EXERCISE BRIEF – Reproduce, exactly and in full, only the lines below from the one containing "Tornillos Autoperforantes Punta" through the one containing "We can accommodate".

THE DATA –

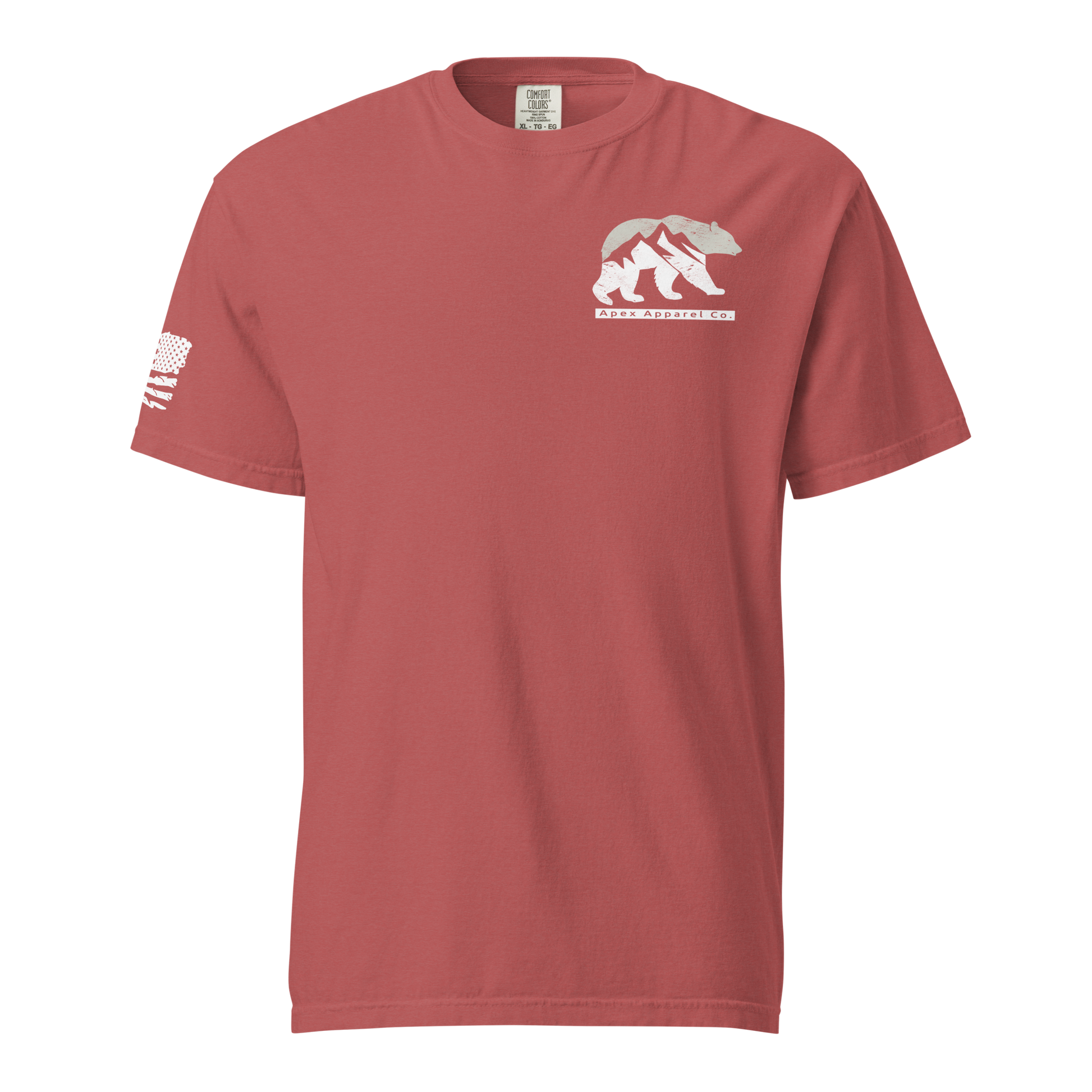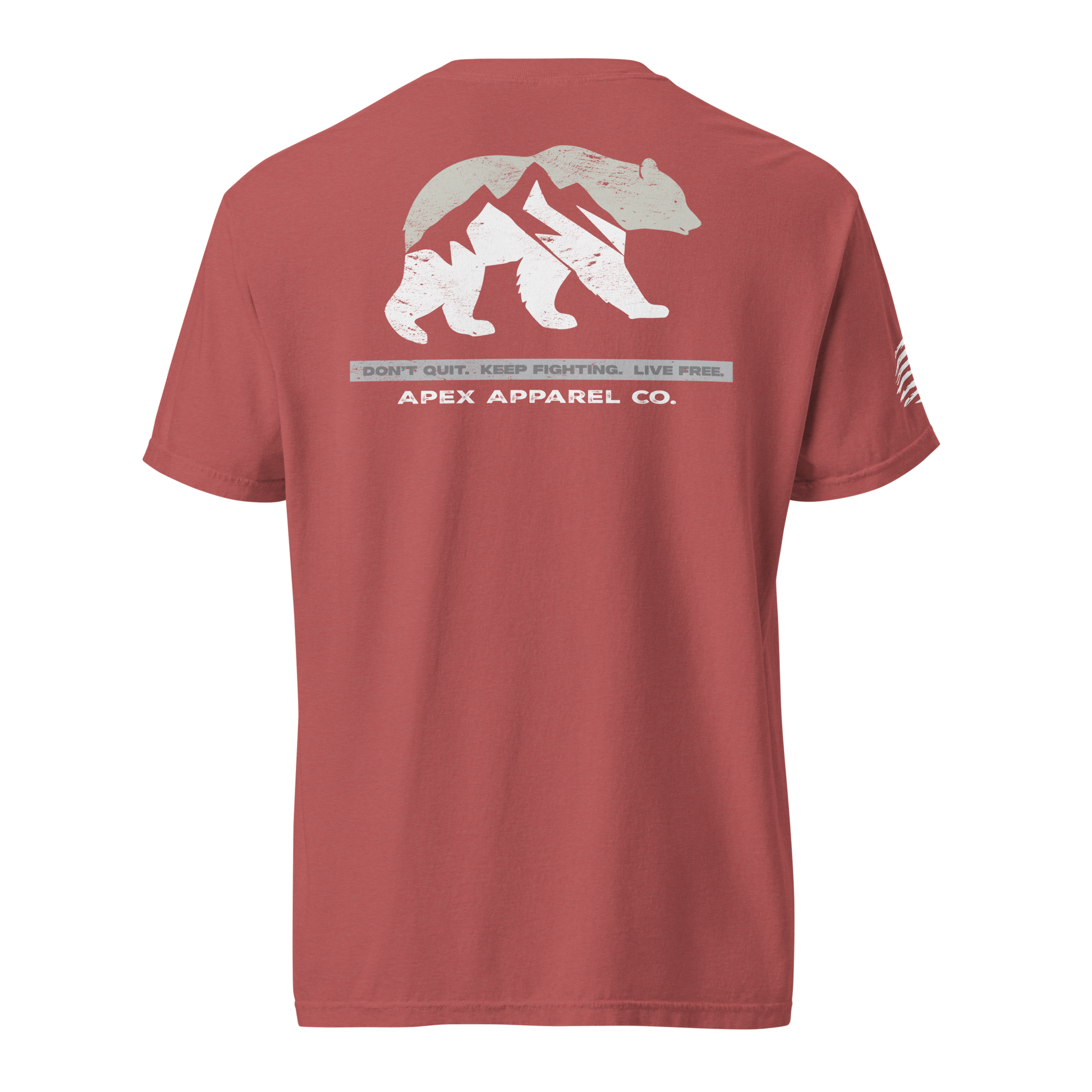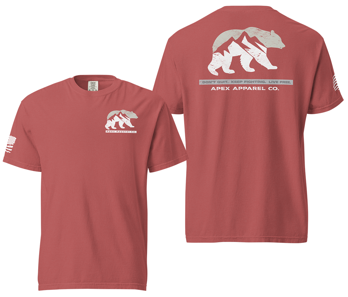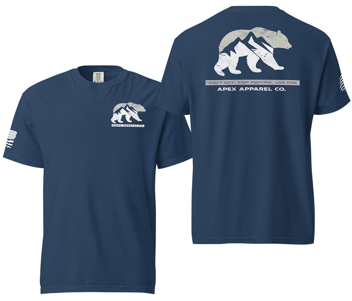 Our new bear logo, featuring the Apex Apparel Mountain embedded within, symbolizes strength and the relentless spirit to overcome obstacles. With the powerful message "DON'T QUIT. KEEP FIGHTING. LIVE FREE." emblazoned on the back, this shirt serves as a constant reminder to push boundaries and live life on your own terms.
* * *
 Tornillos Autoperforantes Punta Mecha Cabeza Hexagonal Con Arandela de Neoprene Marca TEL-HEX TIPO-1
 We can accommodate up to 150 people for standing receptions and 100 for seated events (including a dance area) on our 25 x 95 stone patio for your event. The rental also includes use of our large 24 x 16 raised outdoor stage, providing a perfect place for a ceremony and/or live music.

REPLY TO THE TASK –
 Tornillos Autoperforantes Punta Mecha Cabeza Hexagonal Con Arandela de Neoprene Marca TEL-HEX TIPO-1
 We can accommodate up to 150 people for standing receptions and 100 for seated events (including a dance area) on our 25 x 95 stone patio for your event. The rental also includes use of our large 24 x 16 raised outdoor stage, providing a perfect place for a ceremony and/or live music.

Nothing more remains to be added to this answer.